Avance rapide de quelques mois pour la deuxième édition de la Wikiconvention francophone, qui a eu lieu à Strasbourg en octobre. C’est une déclinaison de ce qui se fait déjà depuis des années chez les germanophones et les néerlandophones : rassembler les contributeurs et contributrices de tous les pays parlant une même langue. Les problématiques concernant les projets déclinés par langue sont ainsi beaucoup plus pertinentes : les problèmes de la Wikipédia en français ne sont pas forcément ceux de la version anglophone.

Étant là sur mon temps de travail, je me suis concentré sur les présentations les plus techniques, notamment une table ronde sur les besoins tech de la Wikipédia en français, qui devrait aboutir sur un pré-hackathon dans le sud de la France le mois précédant le prochain hackathon européen à Barcelone. Stay tuned 😉

La prochaine édition de la Wikiconvention elle-même aura a priori lieu à Grenoble en août prochain.

WikidataCon 2017

Photo de groupe de Wikimania 2017 – CC-BY-SA 3.0 Rama

Dernier événement, une semaine plus tard : la WikidataCon. Il s’agit ici de rassembler les contributeurs et contributrices de Wikidata au moment du 5e anniversaire du projet. C’est la première édition de cet événement et elle est très prometteuse, notamment grâce au soin apporté aux détails lors de l’organisation.
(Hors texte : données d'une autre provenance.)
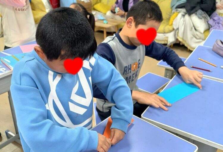 “纸上心声”环节里,孩子们俯身提笔,将与家人、朋友的委屈、困惑写在纸上,亲手折成纸飞机。随着一声齐呼,纸飞机腾空而起,划过活动室的上空。紧锁的眉头舒展,笑脸绽放,心事随纸飞机远去,阳光般的喜悦铺满房间。活动尾声,孩子们右手按心感受心跳,左手搭在伙伴肩头传递暖意,齐声宣誓:“我听你的情绪,懂你的需要,我们一起走出迷宫!”誓言回荡间,情感的种子深深扎根。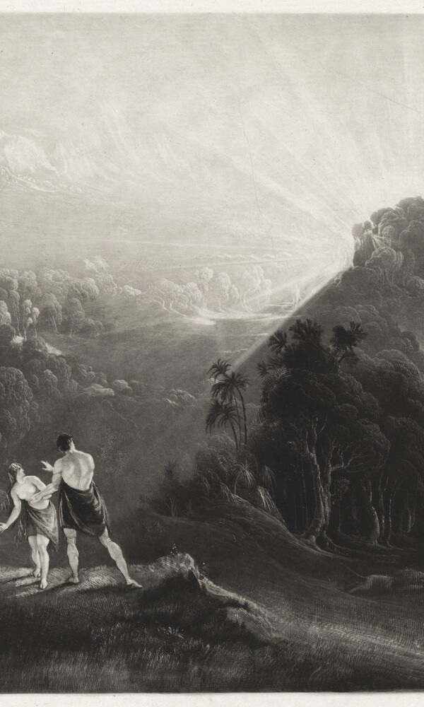 Zwischen 1824 und 1827 schuf der englische Maler und Graphiker John Martin (1789-1854) eine Folge von Schabkunstblättern zu John Miltons berühmten Epos Paradise Lost (Das verlorene Paradies). In 24 Illustrationen schildert Martin den Sündenfall und die Vertreibung aus dem Paradies als gewaltigen Kampf zwischen den himmlischen und den höllischen Mächten. Bereits während der Entstehung der ersten Illustrationen erhielt Martin von seinem Verleger Septimus Prowett den Auftrag für eine weitere, kleinere Illustrationsfolge zum gleichen Thema. So erschienen 1827 zunächst die Bände im Folioformat, kurz darauf die kleinere Version mit ebenfalls 24 Blättern. Martins kongeniale Umsetzung der Miltonschen Dichtung gehört zu den Höhepunkten der Schabkunst- oder Mezzotintotechnik.

Ainsi, au delà des efforts d’accessibilité qui sont devenus standards dans les événements Wikimédiens,  on peut noter l’insistance sur le respect de la friendly space policy, la précaution de mettre des toilettes gender-neutral ou un espace isolé pour les gens qui auraient besoin de récupérer, le soin particulier apporté à la restauration (clairement la meilleure cette année, et pourtant Wikimania avait mis la barre haut) et au fait qu’elle ait été pensée pour que tout le monde y trouve son compte.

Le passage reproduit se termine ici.